Taiwan, North Asia's third-biggest importer of liquefied natural gas, halted imports of spot cargoes of the fuel in January.
Taiwan, North Asia's third-biggest importer of liquefied natural gas, halted imports of spot cargoes of the fuel in January because of slowing energy demand during a recession, government and ship data showed. Taiwan, which has been buying LNG on the spot market every month since April 2007, made no purchases in January, data from the Bureau of Energy showed. It may not have bought any in February and may purchase at least two in March, according to transmissions from ships captured by AISLive on Bloomberg on March 5. In the first quarter of 2008, Taiwan had nine cargoes.
The Taiwanese economy shrank 8.36 percent in the fourth quarter as exports and business investment slumped, sending the island into its first recession since 2001. Electricity sales at Taiwan Power Co., the island's monopoly grid operator, plunged 19 percent in January from a year earlier.
Generators account for about 80 percent of Taiwanese LNG consumption. The economy may contract 2.97 percent this year, Taiwan's government said last month.
The British Sapphire, a 155,000 cubic-meter LNG tanker owned by BP Plc, left Point Fortin in Trinidad and will reach Yung An terminal on March 13, ship tracking data showed. LNG Lokoja, a 148,471 cubic-meter LNG tanker, may reach Yung An on March 17, carrying a cargo from Nigeria, according to the data.
Taiwan purchased 800,200 kiloliters, or 363,000 metric tons, of LNG in January. That's 38 percent less than a year earlier, data from the Bureau of Energy showed this week. The island paid US$118.4 million, or US$326.56 a ton, in January as a recession and a weeklong holiday cut demand from power producers.

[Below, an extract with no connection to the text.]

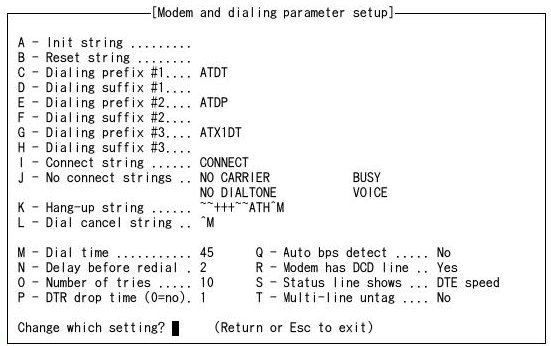 (4)A-Init String(初期化文字列)、 B-Reset String(リセット文字列)、 K-Hang-up string (ハングアップ文字列) の値は削除してください。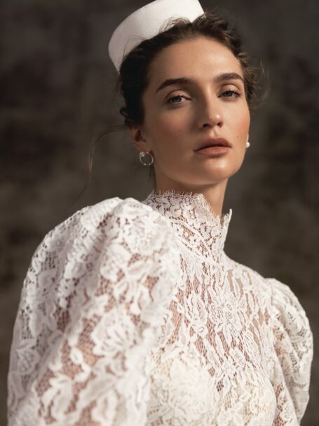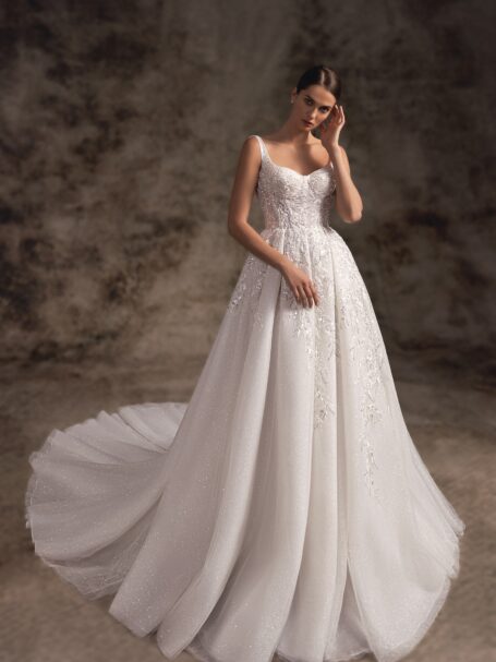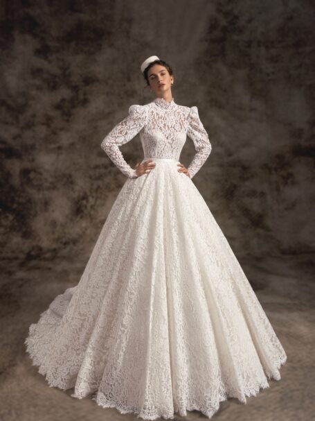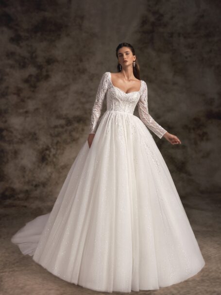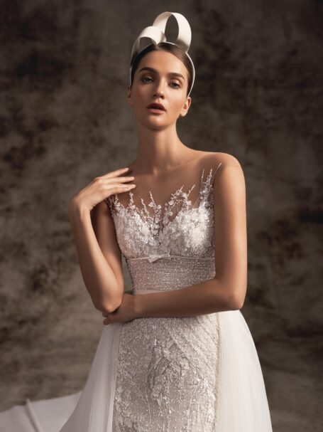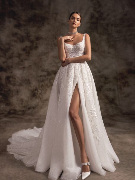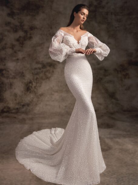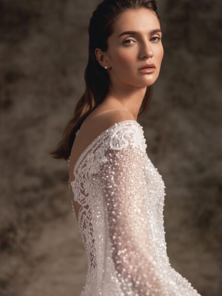 Чутлива силует-труба обвиває тіло вишуканим вишиваним мереживом, маючи приталені довгі рукава з міцними плечима, глибокий V-подібний виріз та відкритий нижній спин. Прилегла спідниця-труба з вирізами з тюлі має чудовий хапельний шлейф з ніжного Тюлю.

The Lunar New Year holiday in the month of January also damped electricity consumption and reduced gas demand, said Clint Chou, a spokesman for Taiwan Power, on March 2. The festival was in January this year and February last year.
LNG is natural gas that has been chilled to liquid form, reducing it to one-six hundredth of its original volume for transportation by ship to destinations not connected by pipeline. On arrival, it's turned back into gas for distribution to power plants, factories and households.
State-owned CPC Corp. is the island's only LNG importer.